● **Dataset records**:
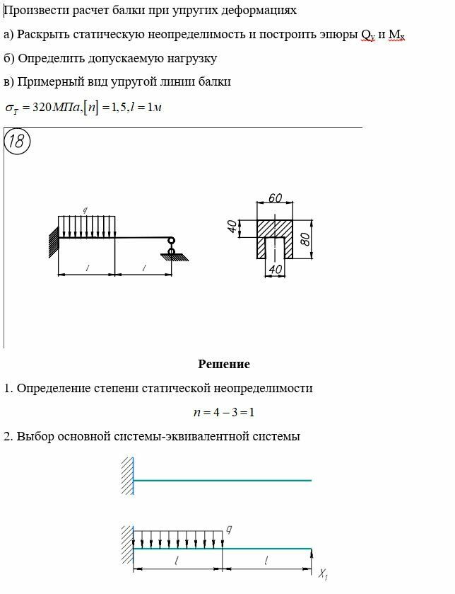 2022г Вариант 18 - ДЗ №1 - Статически неопределимые задачи изгиба - Задача 1
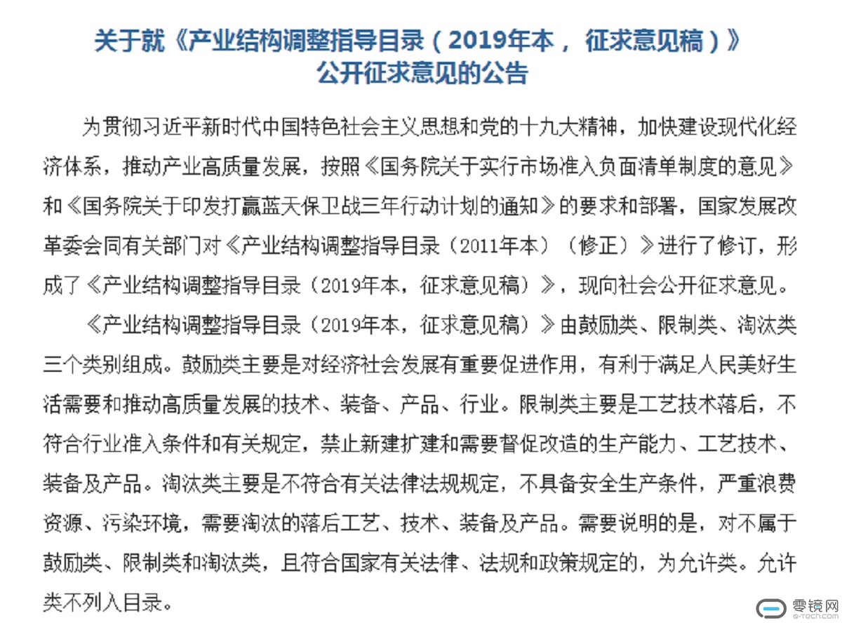 国家发展改革委会在4月8日发布了一份公告,在同有关部门对《产业结构调整指导目录(2011年本)(修正)》进行了修订,形成了《产业结构调整指导目录(2019年本,征求意见稿)》。
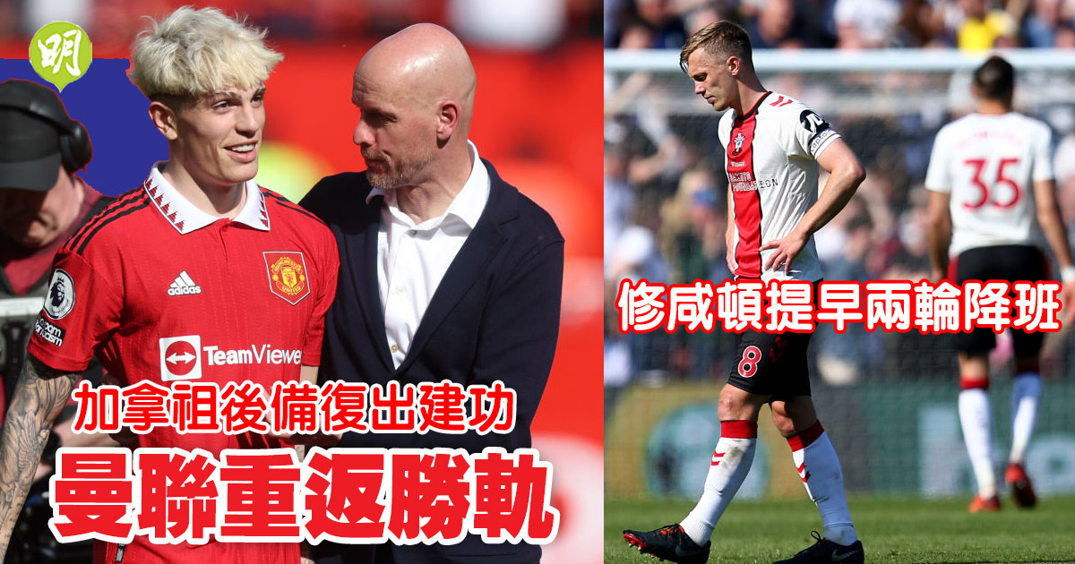 曼聯昨晚(13日)英超憑安東尼馬迪爾及傷癒復出的阿歷真度加拿祖各建一功,在主場以2:0擊敗狼隊,結束兩連敗重返勝軌,「紅魔」賽後35戰66分,與同日失分排第3的紐卡素同分,續保前四席位。另邊廂,熱刺作客1:2不敵阿士東維拉後,正式宣告前四夢碎及無緣下屆歐聯席位。
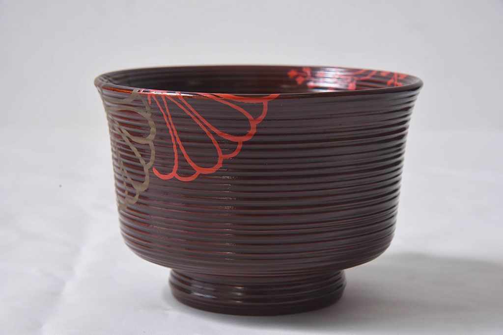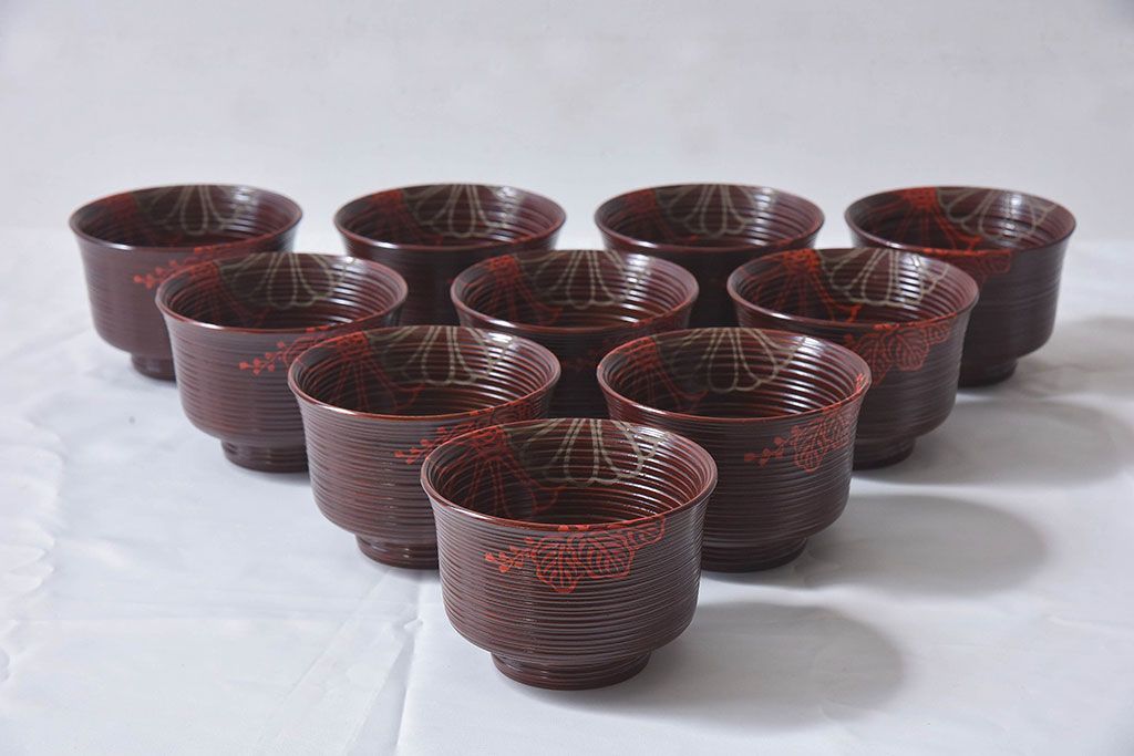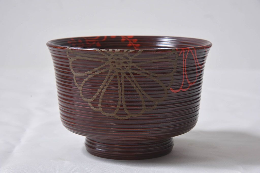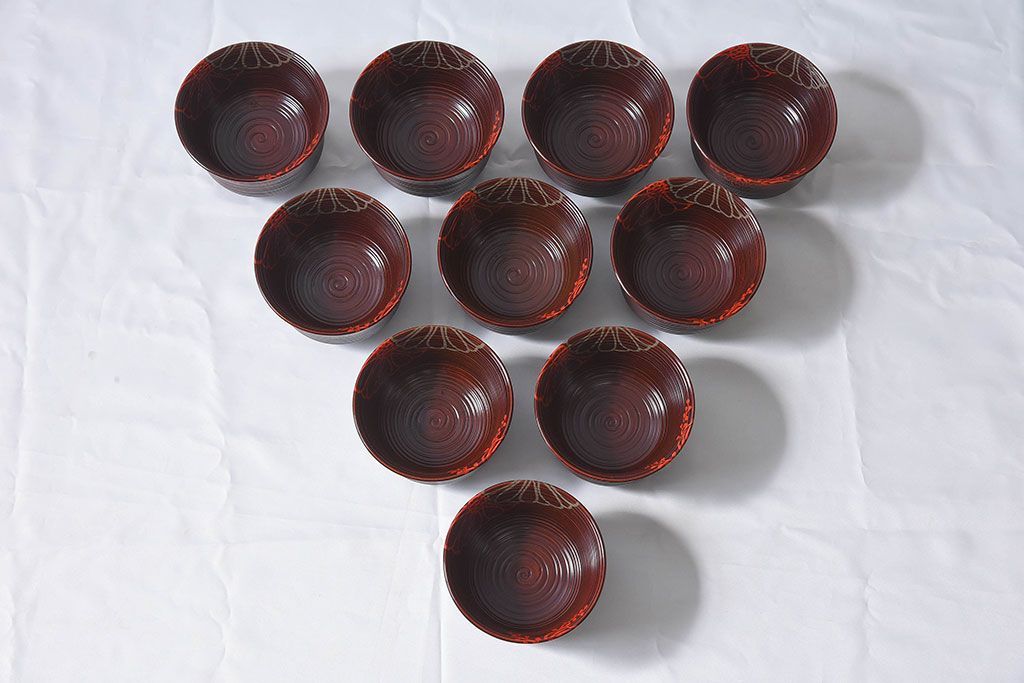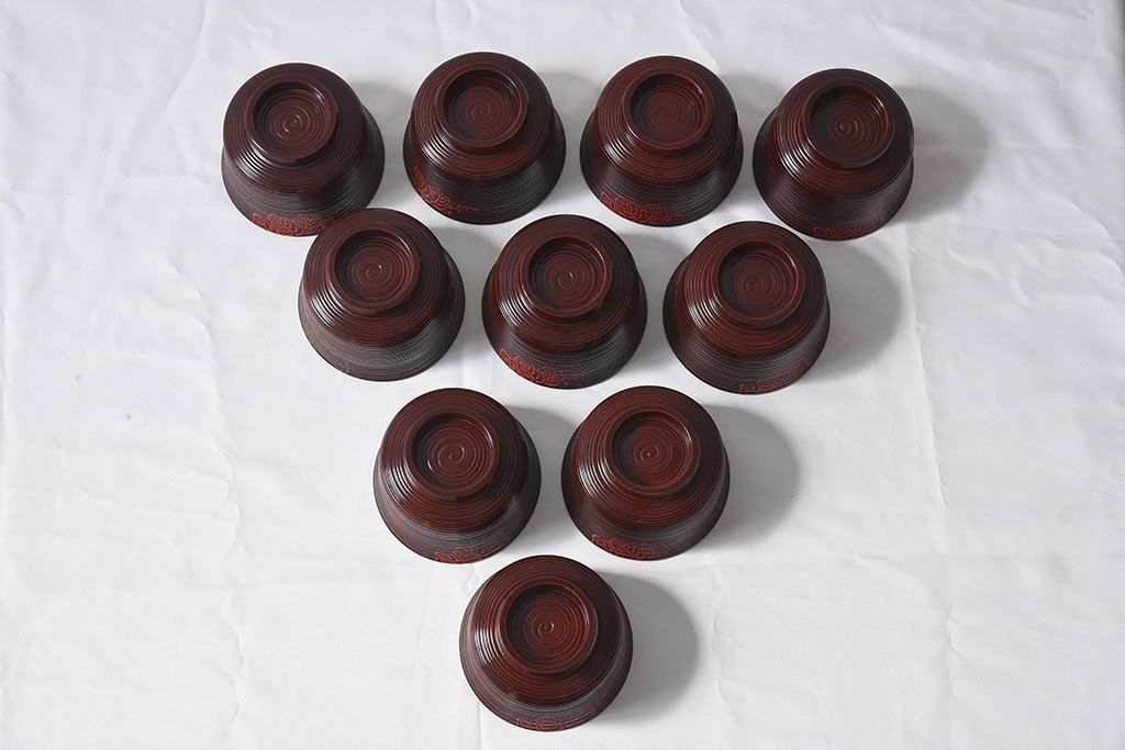 ラフジュ工房> 和食器・茶道具> お椀・茶碗 > アンティーク 春次作 引目溜塗菊桐 盃洗(お椀、漆器)10客
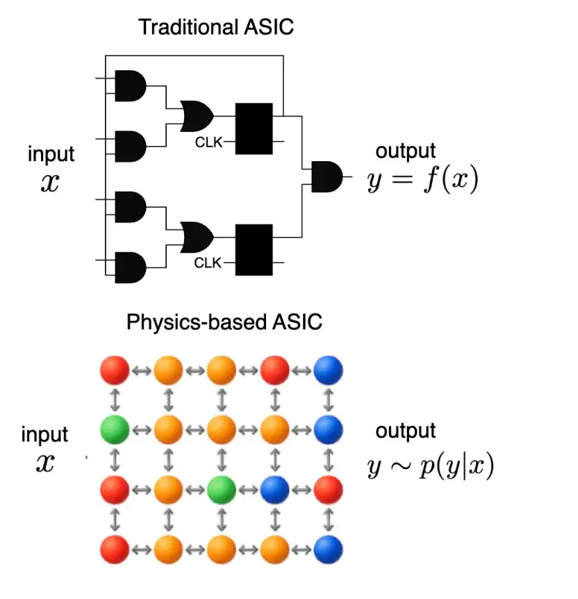 通過放寬傳統ASIC所需的約束,例如強制無狀態性、單向性、確定性和同步性,這些設備旨在作為物理過程的精確實現而運行,從而在能源效率和計算吞吐量方面獲得顯著提升。這種方法能夠實現新穎的協同設計策略,使算法需求與物理系統固有的計算原語相吻合。
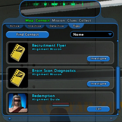 In this screenshot, I have two Tip missions ready to play, plus the contact named Redemption, who is, as it says on the window, the "Alignment Guide".
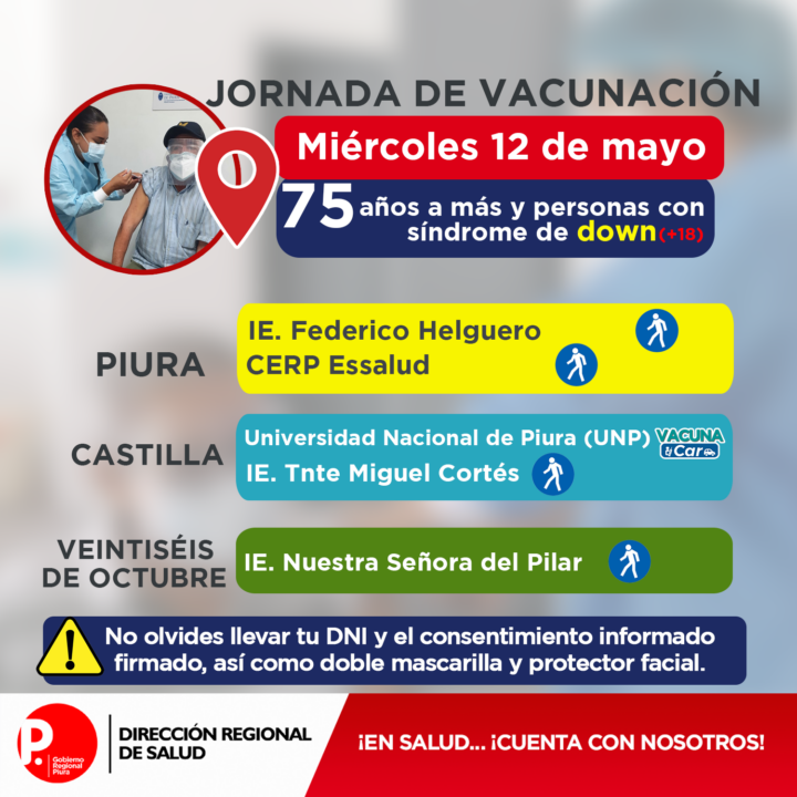 La Dirección regional de salud informa que hoy miércoles 12 de mayo continúa la vacunación en los distritos de Piura, Castilla y Veintiséis de octubre para adultos mayores de 75 años y personas con síndrome de Down que sean mayores de 18 años.
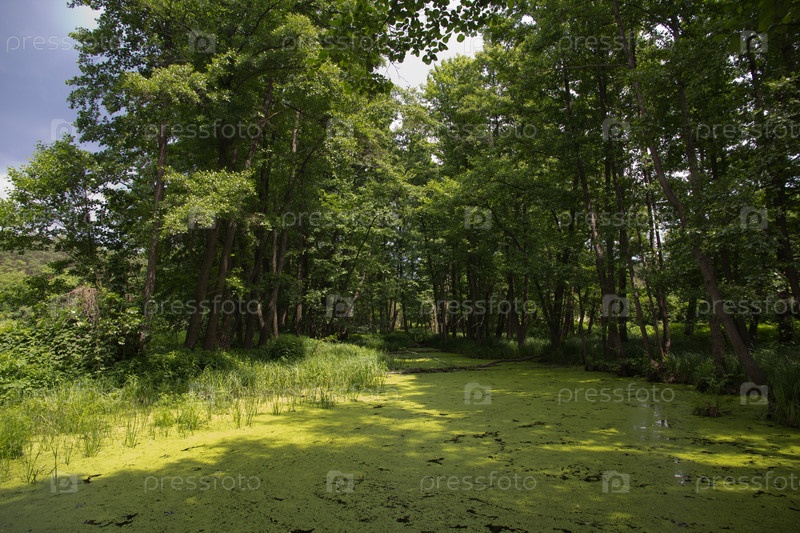 Лесное озеро летним днем

● **YOUR OBJECTIVE**: What is needed is the exact run of lines from the start of the data through the line with "通過放寬傳統ASIC所需的約", both ends included, minus the pictures.

● **EXERCISE RESPONSE**:
 2022г Вариант 18 - ДЗ №1 - Статически неопределимые задачи изгиба - Задача 1
 国家发展改革委会在4月8日发布了一份公告,在同有关部门对《产业结构调整指导目录(2011年本)(修正)》进行了修订,形成了《产业结构调整指导目录(2019年本,征求意见稿)》。
 曼聯昨晚(13日)英超憑安東尼馬迪爾及傷癒復出的阿歷真度加拿祖各建一功,在主場以2:0擊敗狼隊,結束兩連敗重返勝軌,「紅魔」賽後35戰66分,與同日失分排第3的紐卡素同分,續保前四席位。另邊廂,熱刺作客1:2不敵阿士東維拉後,正式宣告前四夢碎及無緣下屆歐聯席位。
 ラフジュ工房> 和食器・茶道具> お椀・茶碗 > アンティーク 春次作 引目溜塗菊桐 盃洗(お椀、漆器)10客
 通過放寬傳統ASIC所需的約束,例如強制無狀態性、單向性、確定性和同步性,這些設備旨在作為物理過程的精確實現而運行,從而在能源效率和計算吞吐量方面獲得顯著提升。這種方法能夠實現新穎的協同設計策略,使算法需求與物理系統固有的計算原語相吻合。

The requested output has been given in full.